Assignment: Can you print the data exactly and leave out each image?

Data section:

>>

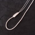 繊細なシードパールでアクセントをつけた非対称デザインのネックレス。
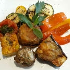 Gebratenes Gemüse wie Paprika, Tomate, Zucchini, Obergine ich Scheiben bzw. Stücken und vier kleine „Päckchen“ gebraten oder frittiert mit einer krossen Hülle bildeten den Kern des Tellers. Vermutlich waren in den kompakten Formen im Inneren Mozarella-Stücke bzw. Blumenkohl-Späne verarbeitet worden. Also Dekoration gab es noch ein paar Salatblätter.
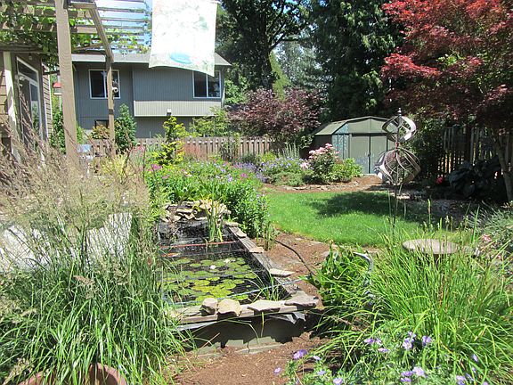 This lovingly maintained home is a gardening enthusiast's dream! Private lot sits back off the road. Oversized garage has 11' ceiling & shop area. Gorgeous landscaping front & back w/koi pond & flowers galore. Den/office has large closet & could be MBR on Main. Abundance of natural light, open floor plan, spacious rooms. Gourmet kitchen with island, pantry, newer SS appliances & nook. Brand new 30 yr roof.

<<

Task output:
 繊細なシードパールでアクセントをつけた非対称デザインのネックレス。
 Gebratenes Gemüse wie Paprika, Tomate, Zucchini, Obergine ich Scheiben bzw. Stücken und vier kleine „Päckchen“ gebraten oder frittiert mit einer krossen Hülle bildeten den Kern des Tellers. Vermutlich waren in den kompakten Formen im Inneren Mozarella-Stücke bzw. Blumenkohl-Späne verarbeitet worden. Also Dekoration gab es noch ein paar Salatblätter.
 This lovingly maintained home is a gardening enthusiast's dream! Private lot sits back off the road. Oversized garage has 11' ceiling & shop area. Gorgeous landscaping front & back w/koi pond & flowers galore. Den/office has large closet & could be MBR on Main. Abundance of natural light, open floor plan, spacious rooms. Gourmet kitchen with island, pantry, newer SS appliances & nook. Brand new 30 yr roof.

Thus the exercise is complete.